2.2 Bending Die Design

Since its emergence in the 1950s, AI has provided several techniques that have been used in efforts to solve some complex and narrow domain industrial problems. The KBS/expert system (ES), neural networks (NN), fuzzy logic (FL), multi agents (MA), genetic algorithms (GA), and simulated annealing (SA) are important AI techniques. Among these techniques, KBS is one of the most promising developments (Ismail et al. 1995). The KBS approach is being used in sheet metal industries for manufacturability assessment, process planning, strip-layout design, die design, die material selection, etc., Karima and Richardson (1987) conceptualized application of KBS in sheet metal forming industry. The system supports in converting the knowledge acquired from relevant sources into facts, procedures, judgment and control. Karima (1989) proposed a hybrid system for process planning in sheet metal forming. System considers the overall process of stamping engineering from the micro and the macro perspectives. Shpitalni and Saddan (1994) presented an application “BEND” of the graph search method for the generation of bending sequences. Lin and Chang (1996) developed an expert system for the selection of sheet metal bending tool. Ong et al. (1997) reported to develop a fuzzy set system to determine the sequence of bending operations in press brake machines. Gupta et al. (1998) proposed a process planning system for sheet metal parts. They applied a greedy algorithm to determine the bending sequence. Duflou et al. (1999) suggested a penalty function method and the traveling salesman problem method to determine bending sequences in press brake machines. Cakir et al. (2005) proposed an expert system for die and mold making operations. System requires the input from the user for part geometry and material, tool condition, and operation type. Kim et al. (2006) developed a fuzzy set theory method for determining the sequence of bending operations. Farsi and Arezoo (2009) proposed a procedure for bend sequencing determination with Fuzzy sets. Kumar and Singh (2011) developed an intelligent progressive die design system named as “INTPDIE” using KBS approach. Naranje and Kumar (2014) proposed a KBS for automatic design of deep drawing dies. Nasr et al. (2014) reported an expert system for design of sheet metal blanking dies.

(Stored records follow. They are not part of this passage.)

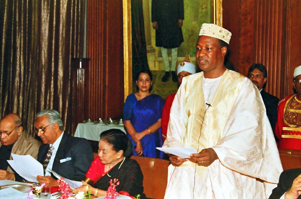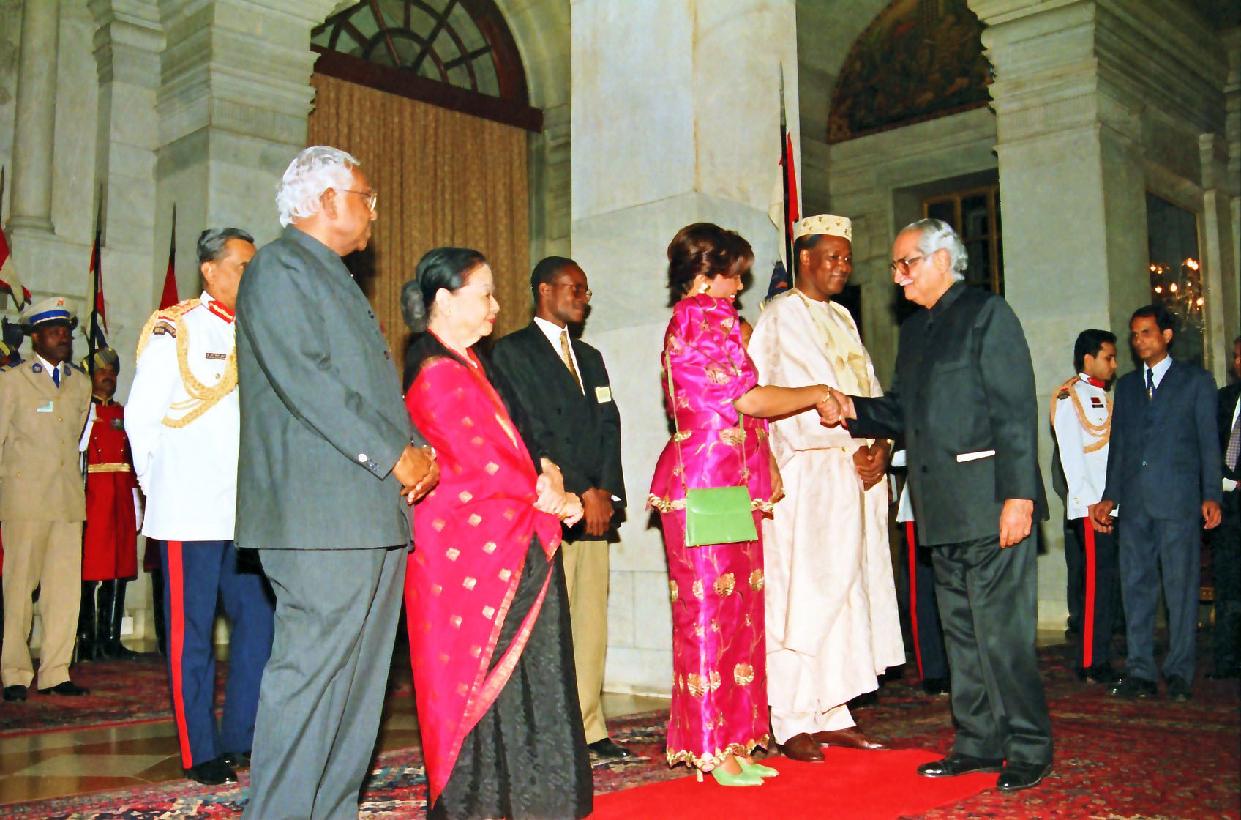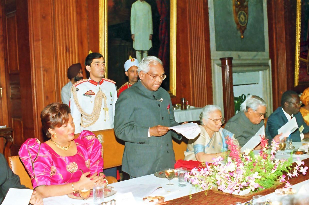 | Caption: | The President of India, Shri K R Narayanan at the Banquet Hosted in Honour of the Distinguished Guests President of the Burkina Faso, HE Mr Blaise Compaore and his Madame Chantal Compaore at the Banquet Hall of Rashtrapati Bhavan in New Delhi on Nov 11, 1997 |
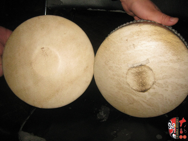 二團(tuán)著名的鼓師石振虎對于板鼓的使用非常講究 左邊是《程嬰救孤》專用的
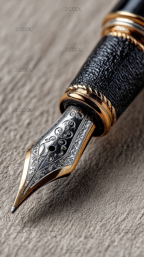 钢笔,笔尖,金属,精致,雕刻,花纹,复古,金色,黑色,笔触
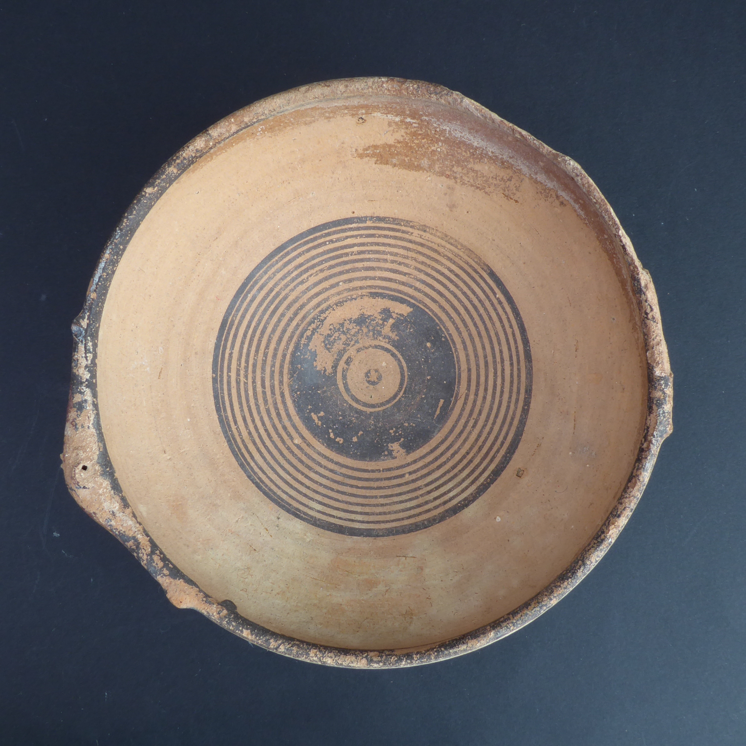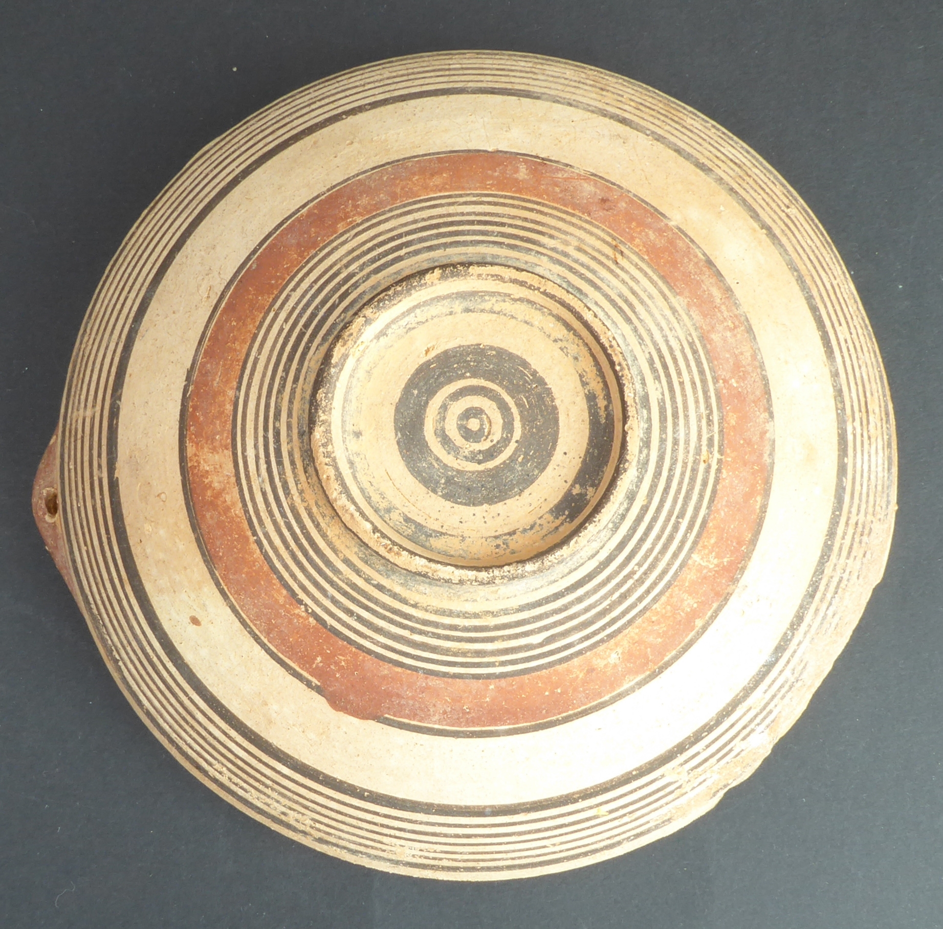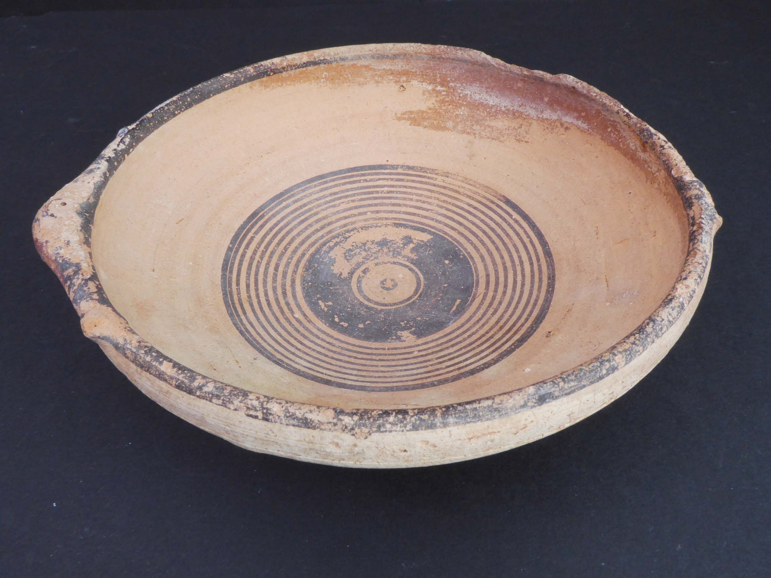 A circa 1500 BC terracotta bowl, possibly Greek-Cypriot: central interior decorated with concentric black painted circles, the bowl with one pierced handle and the underside of the bowl with further black and burnt amber concentric circle decoration, on short circular foot (18.25 cm widest). Provenance: acquired in the 1960s by the consignor's parents.
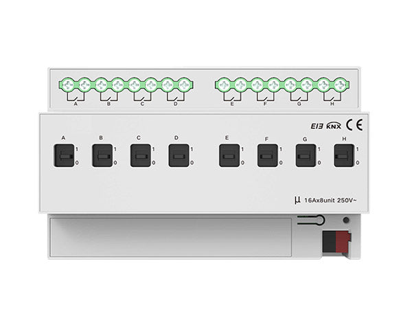 Akubela KXAC-B1R8A16 – Switch Module, 8 Gang 16A KNX Smart Control, 250V-440VAC, Manual & Logic Functions, DIN Rail Design
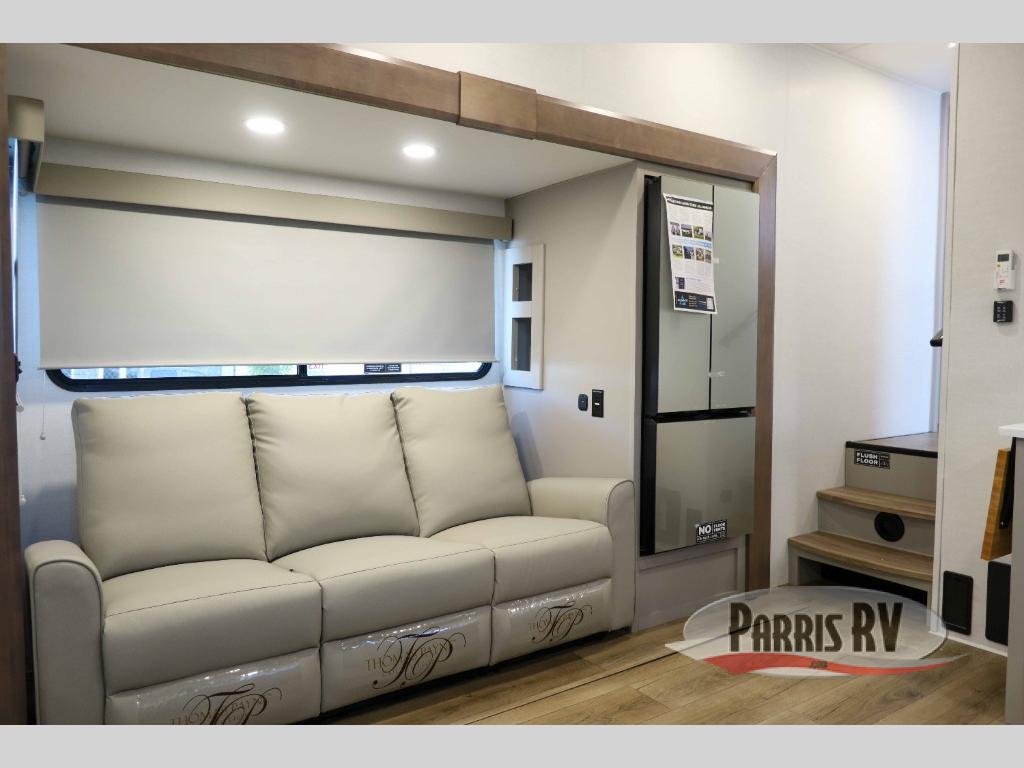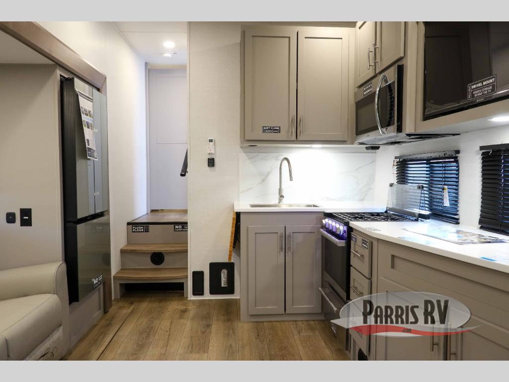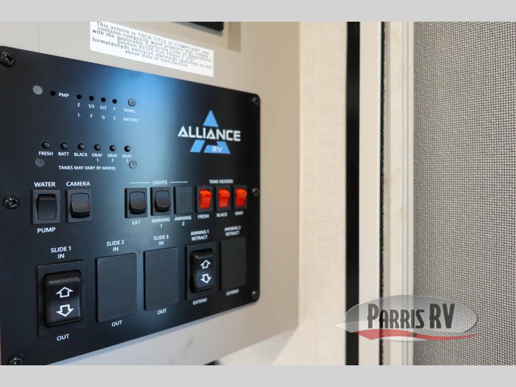 A benchmark chassis creates a space saver upper deck with each one of these Avenue All-Access fifth wheels by Alliance RV! The 101 in. wide-body construction gives you more room to walk around and the flush slide out floors throughout prevent any tripping. There are Azdel composite sidewalls inside and out, and a seamless fully walkable PVC roof for extreme durability and zero maintenance. You are sure to love no carpet throughout making each Avenue All-Access easy to clean and allergen free, not to mention pet friendly. You can maximize your space throughout with innovative storage solutions like the hidden storage behind the TV, inside the end tables, ottoman, and dinette chairs. These units also include the OTG Solar Package with a 200 watt solar panel, 15 amp MPPT charger, multiple outlets, and more to keep you powered up!
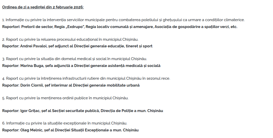 Primarul general al capitalei, Ion Ceban, a convocat astăzi, 2 februarie 2026, ședința operativă a serviciilor Primăriei Chișinău. Pe ordinea de zi au figurat șase subiecte.
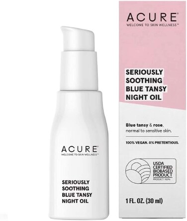 Acure Seriously Soothing Tansy Night Rose Oil 100 Vegan For Dry To Sensitive Skin, Blue, Unscented, 1 Fl Oz
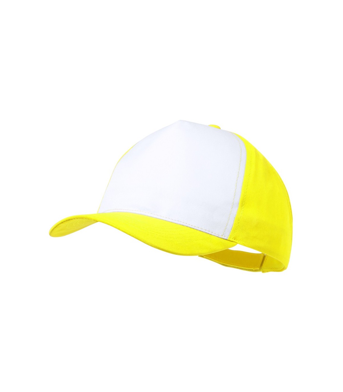 Gorra tipo trucker de 5 paneles en material 100% poliéster de suave acabado y cierre ajustable de velcro. Con frontal en color blanco y cuerpo/visera en varios colores para personalizar. Especialmente diseñada para marcaje en sublimación.
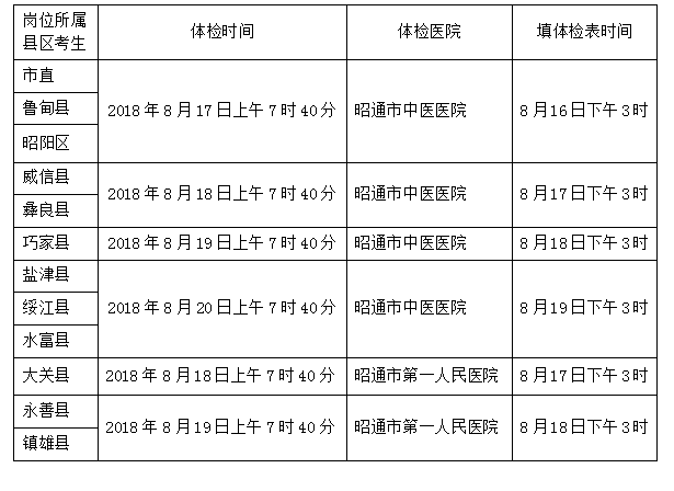 昭通市2018年事業(yè)單位公開招聘工作人員考生體檢通知
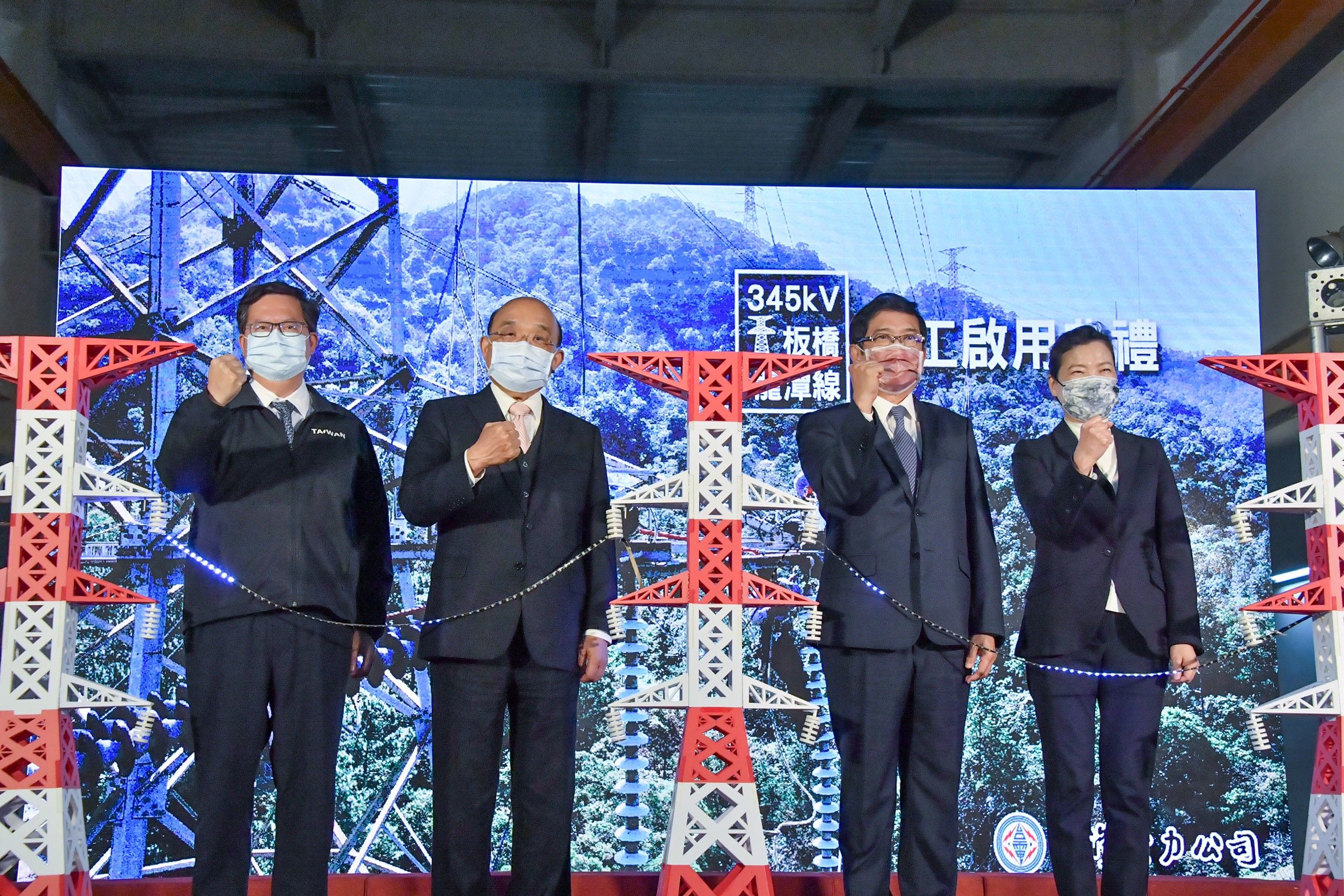 行政院長蘇貞昌今(6)日出席台灣電力公司「345kV 板橋~龍潭線竣工啟用典禮」時表示,電力供應一刻不能缺、也不能停,這項工程耗時18年、投入經費近33億元,還有施工協力廠商及第一線工作同仁離鄉背井、辛苦投入,在深山裡過著像山頂洞人的生活,犧牲奉獻,讓國人得以用電,得到溫暖。院長說,今天要來表揚這些電力英雄,也向所有同仁、協力廠商致敬、感謝。
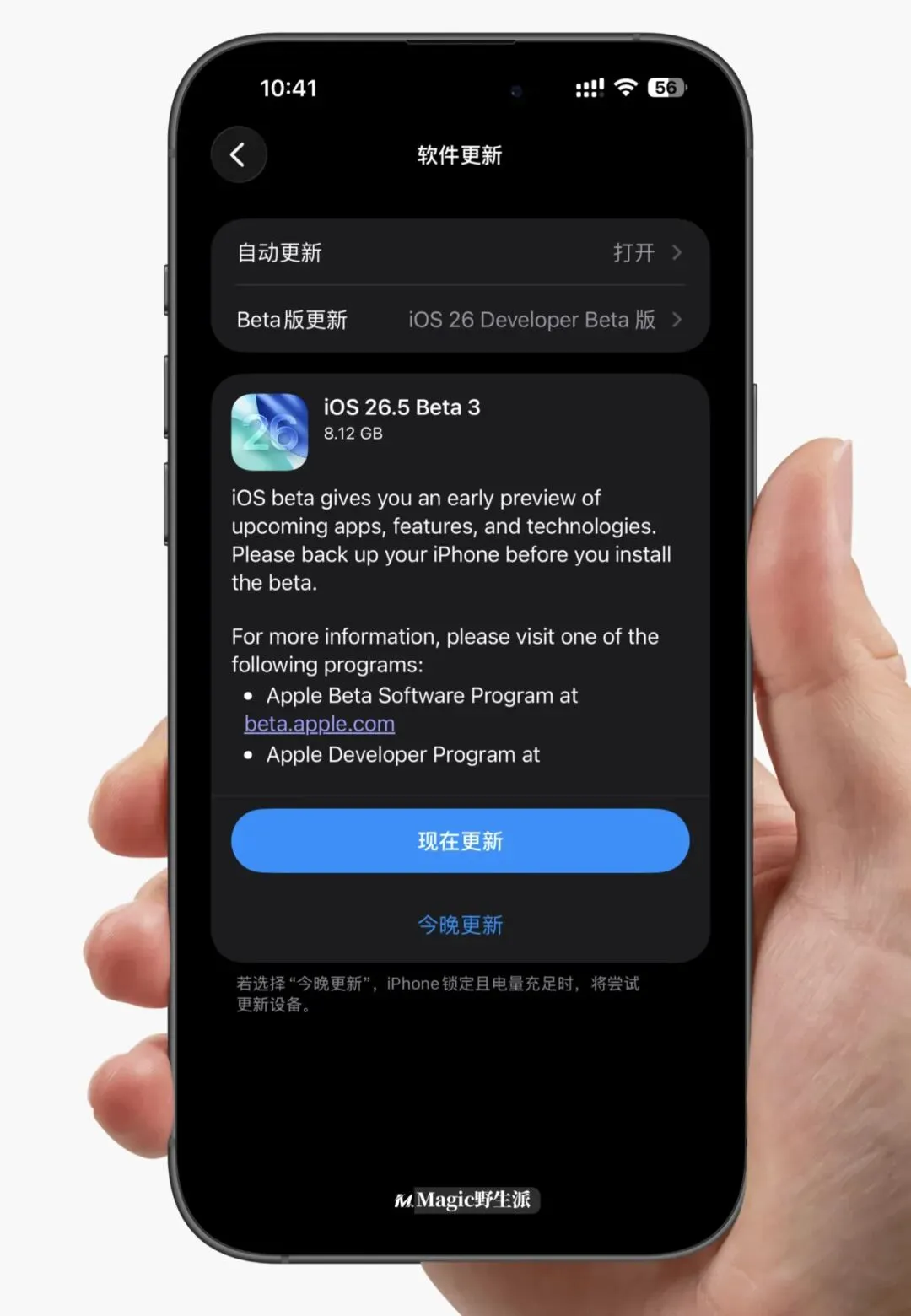 终于舒服了!iOS 26.5 系统更新发布!上个iOS 26.5 系统版本因为卡顿等问题,导致很多用户不敢升级;现在终于迎来第三版系统更新了;苹果今天凌晨时间向测试用户推送iOS 26.5 Beta 3系统更新,此次版本更新修复及优化了一些问题;

The reviewed literature reveals the growing interest of worldwide researchers and technocrats in the area of computer aided die design for sheet metal work. Commercial CAD softwares being used in sheet metal industries assist die designer to reduce the design time to some extent and hence increase productivity. But these are unable to fully automate the die design process. Further, die designer needs to use multiple software packages for various activities of die design process and faces problems pertaining to nonexistence of connectivity between these softwares. Also these systems are costly and hence unaffordable for small scale industries, especially in developing countries. Further well trained, competent and experienced persons are required to operate these softwares and interpret the results. Some researchers have applied efforts to develop KBSs for die design. But very less effort is applied to automate the design of bending dies. Further, the systems reported in the literature for bending dies are not able to accomplish all design tasks and not fully automatic. Also domain experts are required to operate and accomplish the die design process.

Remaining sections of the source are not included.